The part I am trying to extract is the next page url from
<a href="http://cinemassacre.com/category/avgn/page/2/" class="nextpostslink">

But when I run this regex on this block of HTML
'> <span class='pages'>Page 2 of 12</span><a href="http://cinemassacre.com/category/avgn/" class="previouspostslink">&laquo;</a><a href='http://cinemassacre.com/category/avgn/' class='page smaller'>1</a><span class='current'>2</span><a href='http://cinemassacre.com/category/avgn/page/3/' class='page larger'>3</a><a href='http://cinemassacre.com/category/avgn/page/4/' class='page larger'>4</a><a href='http://cinemassacre.com/category/avgn/page/5/' class='page larger'>5</a><a href="http://cinemassacre.com/category/avgn/page/3/" class="nextpostslink">&raquo;</a><span class='extend'>...</span><a href='http://cinemassacre.com/category/avgn/page/12/' class='last'>Last &raquo;</a> </div>
</div>


It extracts everything from the first <a href=" to " class="nextpostslink">
Why does this happen? I thought (.+?) was non greedy, so it should extract the minimal amount.
Which should be <a href="http://cinemassacre.com/category/avgn/page/3/" class="nextpostslink">

The complete python code im using is
match=re.compile('<a href="(.+?)" class="nextpostslink">', re.DOTALL).findall(pagenav)

Martin Ender
  • 43,427
  • 11
  • 90
  • 130
Kr0nZ
  • 95
  • 3
  • 9
  • possible duplicate of [RegEx match open tags except XHTML self-contained tags](http://stackoverflow.com/questions/1732348/regex-match-open-tags-except-xhtml-self-contained-tags) – phihag Dec 04 '12 at 19:47
  • 1
    Ouch... Any reason why you're not using lxml, or beautiful soup? –  Dec 04 '12 at 20:02

3 Answers3

3

The start of your match is always greedy in a sense. That is because the engine attempts matches from left to right in your subject string. The first <a href=" is encountered, which is fine, and then the engine goes ahead and consumes everything with .+? until the match is completed (it stops as soon as possible, due to the .+?). But it does not try to start the match as far right as possible, because the match is just fine.
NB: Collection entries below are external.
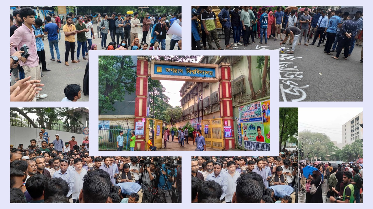 জগন্নাথ বিশ্ববিদ্যালয়ে শিক্ষার্থীদের আন্দোলনের আজ দ্বিতীয় দিন পার হলো। গতকালের উত্তাল পরিস্থিতির পর আজও দিনভর নানা ঘটনা ঘটেছে। বৃহস্পতিবার সকাল থেকে শিক্ষার্থীরা নতুন উদ্যমে তাদের কর্মসূচি চালিয়ে যাচ্ছেন। প্রতিবাদ সমাবেশ এবং অবস্থান কর্মসূচির মাধ্যমে তারা দাবি আদায়ে অনড় রয়েছেন। পরিস্থিতি ক্রমশ জটিল আকার ধারণ করছে এবং এই অচলাবস্থা কতদিন চলতে থাকে, সেদিকে সবার দৃষ্টি। আর আন্দোলনের গতিপ্রকৃতি কোন দিকে মোড় নেয়, সেটাই এখন দেখার বিষয়।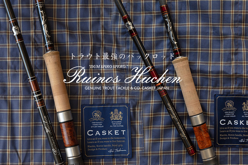 150cmに迫るモンスタートラウトを狙うためにこの強固なパックロッドを作った。ルイノとはアイヌ語で強い、ヒューチェンはイトウのことである。気水または海水での使用も念頭にガイドはチタン、リールシートは木を使いながらもFujiの樹脂製リールシートを採用。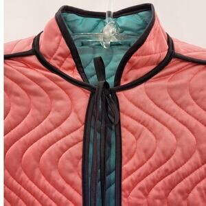 Vintage Orange Green Black Contrasting Edge High Neck Open Quilted Bed Jacket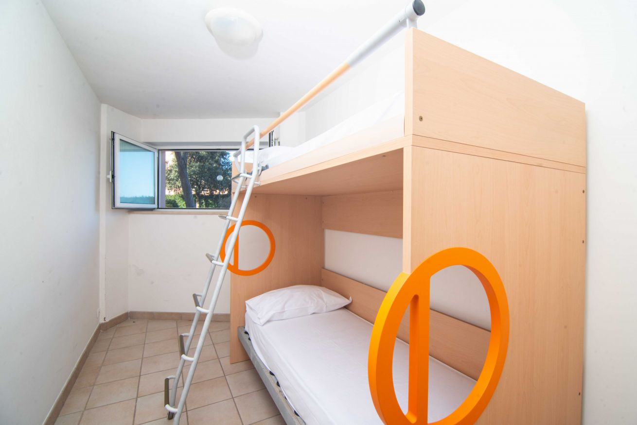 Piano inferiore: camera padronale con letto matrimoniale – seconda camera con letto a castello.

Hence, you could say using ? makes the end of the match ungreedy (taking the first possible end of the match), but the start of the match will always be greedy (the match will always begin at the leftmost possible position, no matter how you try to make it ungreedy).

This is why there is often a better alternative to ungreedy repetition: exclude the delimiter from the repetition:

<a href="([^"]*)" class="nextpostslink">

This can never go past the closing ", so there is no need to worry that anything outside of the attribute or tag will be part of the match.

Let me add anyway, that you should not use regular expressions to parse HTML. What if ' is used instead of " (as in your second anchor tag in the given example)? What if there are multiple spaces between your attributes? What if there are more attributes than just href and class? What if the class attribute is listed before the href attribute?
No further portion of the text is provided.